Recommendations/future work

Based on the encountered problems, we compiled a set of recommendations to improve the quality and (re)usability of EMR data.

Availability of structured data

Data to determine the quality of care is particularly valuable, and hospital information systems should be set up in such a way that this data is available, accessible and usable for quality measurement and further use-cases. To obtain structured data, synoptic reports, i.e. predefined computer-based forms to record relevant procedures and findings in a structured, standardised format, have been shown to be advantageous [3739]. A standard way to encode medical free text is the use of Natural Language Processing tools. However, as most tools are developed for English, further research is required to handle Dutch [40].

Correctness of data items

Multiple data entry is unnecessary, error-prone, tedious and time-consuming. Data should be recorded only once, in an adequate quality. The quality might be risen by making those entering data aware of its possible reuses. Also, local quality improvement strategies from the literature [7, 41] could be applied. To submit data to the DSCA under such improved circumstances, required items could be preselected automatically from the EMR, checked by the one responsible and be submitted to quality registers or other authorised parties. If the data needs to be edited, changes should be applied locally before the data is shared with external parties.

Longitudinal view of patient history

As patient referrals are common and hospital alliances are likewise to proliferate in the future, it must become common practice to exchange data securely and automatically. Patients are likely to become active managers of their health, increasingly enabled to share their data with their caregivers.

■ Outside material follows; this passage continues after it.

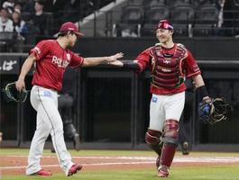 日2―3楽(23日) 楽天、連敗ストップ 2026年4月23日 21:57 6回のピンチを切り抜け、タッチを交わす楽天・柴田(左)と伊藤光=エスコンフィールド 楽天が競り勝ち、連敗を3で止めた。1―1の六回に黒川と伊藤光の適時打で2点を勝ち越した。滝中が六回途中まで2失点とし、継投で逃げ切った。日本ハムの福島は踏ん張りきれず2季ぶりの黒星。打線もあと一本が出なかった。 トップ 全国のニュース 日2―3楽(23日) 関連記事 車衝突で警察官意識不明 イラン機雷20個以上敷設か NY株反発、340ドル高 米軍、インド洋で臨検 NY円、159円台半ば 自民新人が「鹿鳴会」結成 おすすめ記事 【速報】十六銀行の頭取に種村氏 役員人事を発表 2度目の甲子園で初勝利! 浮き彫りになった投手層の差 秋田和哉さん 【ぎふ高校野球 名将流儀】 8月のぎふ長良川花火大会、観覧席に「船」新設 実行委が価格など発表 白川郷に悪質な落書き、観光客のいたずらか 住民が除去「気持ち分かって」

Relations between diagnoses and procedures

To reuse clinical data, the relations between diagnoses and procedures must be traceable. To be able to automatically select only examinations that have been carried out in the context of a certain diagnosis, such relations should be recorded.

Level of detail

Patient data should be recorded as detailed as necessary for quality indicator computation and further foreseeable use-cases, such as the recruitment of patients for clinical trials, decision support, the early detection of epidemics or general clinical research. This might seem time-consuming, but will likely reduce the workload in the long term, as each data item has to be recorded only once. To further reduce the workload, the process should be supported by advanced data entry methods and interfaces.

Standardisation

Only data that is represented meaningfully - ideally in standard codes from comprehensive controlled clinical terminologies - can be reused automatically. Terminologies such as SNOMED CT can support the “Collect once - use many times” paradigm [42], which stands for the idea that data is captured only once and can be reused thereafter for a variety of purposes. Controlled terminologies can allow for meaning-based retrieval, for example by aggregation along hierarchical structures, or based on relationships between codes. An advantage of standard terminologies is that they are integrated in the National Library of Medicine’s Unified Medical Language System Metathesaurus, which contains mappings between terms across multiple terminologies.

Conclusions

This study showed that data quality can significantly influence indicator results, and that our routinely recorded EMR data was not suitable to reliably compute quality indicators. To support primary and secondary uses of data, EMRs should be designed so that a core dataset consisting of relevant items is entered directly and timely in a structured, sufficiently detailed and standardised format. Furthermore, awareness about the (re)use of data could be risen to ensure the quality of required data, and local data quality improvement strategies could be applied. Data could then be aggregated for different uses, according to various definitions. This strategy likely leads to an increased volume of high-quality data, which can ultimately serve as a basis for physicians not only to monitor but also to deliver the best possible quality of care.